Good times had by all
Win or lose on New Year’s night, Northern Illinois will come out smiling. To begin with, there’s that $18 million and national TV. And while that $18 million must be shared with five non-automatic qualifying conferences, the MAC will get its hands on roughly $7 or $8 million (remember, we’re generalizing). And MAC commissioner Jon Steinbrecher has emphasized that Northern Illinois will come out a financial winner, even after travel and meal expenses, lodging at the Fontainebleau Hotel and paying for all those unsold (from the 17,500) tickets. Also, there will be an allocation coming from the annual arrangement between the five lesser conferences.
But every year we hear horror stories about financial disasters. Most recently, in the 2011 Fiesta Bowl, UConn sold fewer than 3,000 tickets and reportedly fell nearly $3 million short (multiply $200 X 15,000; another generalization?). UConn claimed total incurred expenses at $4.3 million against the school’s $2.5 million payout from the Big East. West Virginia reportedly lost $1 million in the 2008 Fiesta Bowl, and Virginia Tech claimed a $2.2 million setback in the 2009 Orange Bowl.
It takes fans, and 17,500 is a big number, particularly when Miami is so far from DeKalb.
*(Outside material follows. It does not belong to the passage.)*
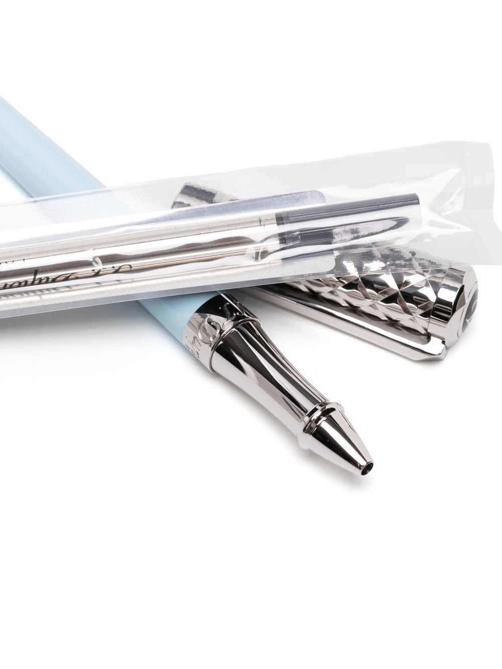 Liberté ballpoint pen from S.T. Dupont featuring baby blue, silver-tone, ballpoint style and engraved detail.
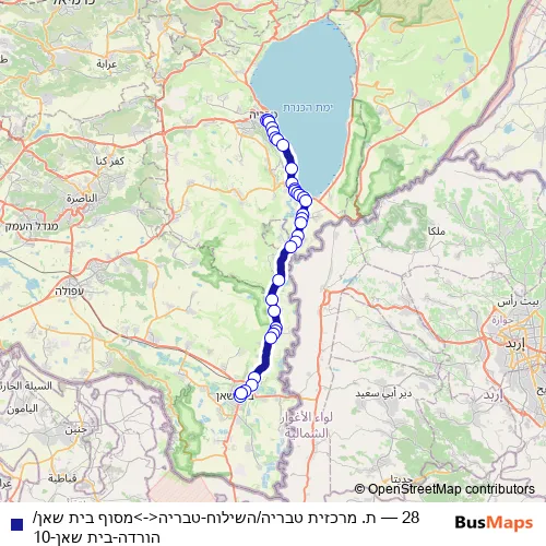 The first stop of the 28 bus route is م.مركزية طبريا/هشيلواح and the last stop is מסוף בית שאן/הורדה. 28 (ת. מרכזית טבריה/השילוח-טבריה<->מסוף בית שאן/הורדה-בית שאן-10) is operational during يومياً.

As of the weekend, they had distributed less than half of those tickets, 2,600 being handed to students free. And don’t forget the band, which leaves Saturday by charter.
This helps explain why bowl committees, when they have a choice, are particular about who they invite. Some fans travel. Boise State packed the Fiesta Bowl. But some fans, as is the case at Northern Illinois, don’t even show up for the home games.
So while teams strive to reach December, financial shortfalls are routine. Only the five big bowls have huge payouts. For example, while Illinoisans took pleasure in the 20-14 defeat of UCLA in San Francisco a year ago, there’s no way the UI could make ends meet on that trip. Navy and Arizona State replace UCLA and the UI as this year’s Kraft Hunger Bowl contestants, and they will receive $837,000 apiece. You can be sure the federal government is standing behind the Midshipmen.
But if Big Ten schools lose money on some of these minor bowls, they make it up elsewhere. For example, despite the 2012 absence of Ohio State and Penn State, and even though the conference has no second team in the lucrative BCS, seven Big Ten qualifiers will bring in an estimated $32 million in bowl payouts this year. And the Illini will receive a portion even as they stay home.
Let’s move on
This is a good football season for Big Ten fans to forget.
Two traditional powers are sitting out the bowl season with sanctions. Michigan absorbed an opening 41-14 setback at Alabama, a signal of what was to come. Notre Dame defeated its three Big Ten opponents. The UI’s conference losing streak reached 14, and Iowa lost its last six. Purdue won its last three games but still fired Danny Hope, paying the new coach twice Hope’s salary. Michigan State, seemingly on the rise, slipped to 6-6.
Wisconsin embarrassed Nebraska by running up 70 points in the title game, and Bret Bielema showed his disdain for the Big Ten by promptly leaving for Arkansas. Arkansas?
If the Rose Bowl had its way, they’d look elsewhere ... but the arrangement dating to 1947 brings Wisconsin, 4-4 in league play, to Pasadena. The conference’s seven qualifiers are all bowl underdogs.
Is anybody happy? What are we left to think?
We can always fall back on the cycle explanation. Or is the Midwest simply rusting out. Are we headed back toward a Big 2 and the Little 10 period? Quality recruits are swarming to already well-stocked Michigan and Ohio State programs. And nowhere else. Scout.com, in foretelling the future, shows Michigan and Ohio State attracting five 5-star and 27 4-star recruits while, in the latest demonstration of what tradition means, Nebraska has eight 4-star prospects and the other nine members show 14. That averages less than two per team for the “other nine.”
Penn State is headed for a difficult period of limited rosters. Nebraskans are beginning to doubt Bo Pelini, while many Iowans believe Kirk Ferentz has run his course. Illinois is falling back on junior college recruits. And Badgers fans are wondering if Wisconsin’s unique style will work with Gary Andersen.
And now we see Rutgers and Maryland coming in the distance. Will that make it the Big 2 and the Little 12?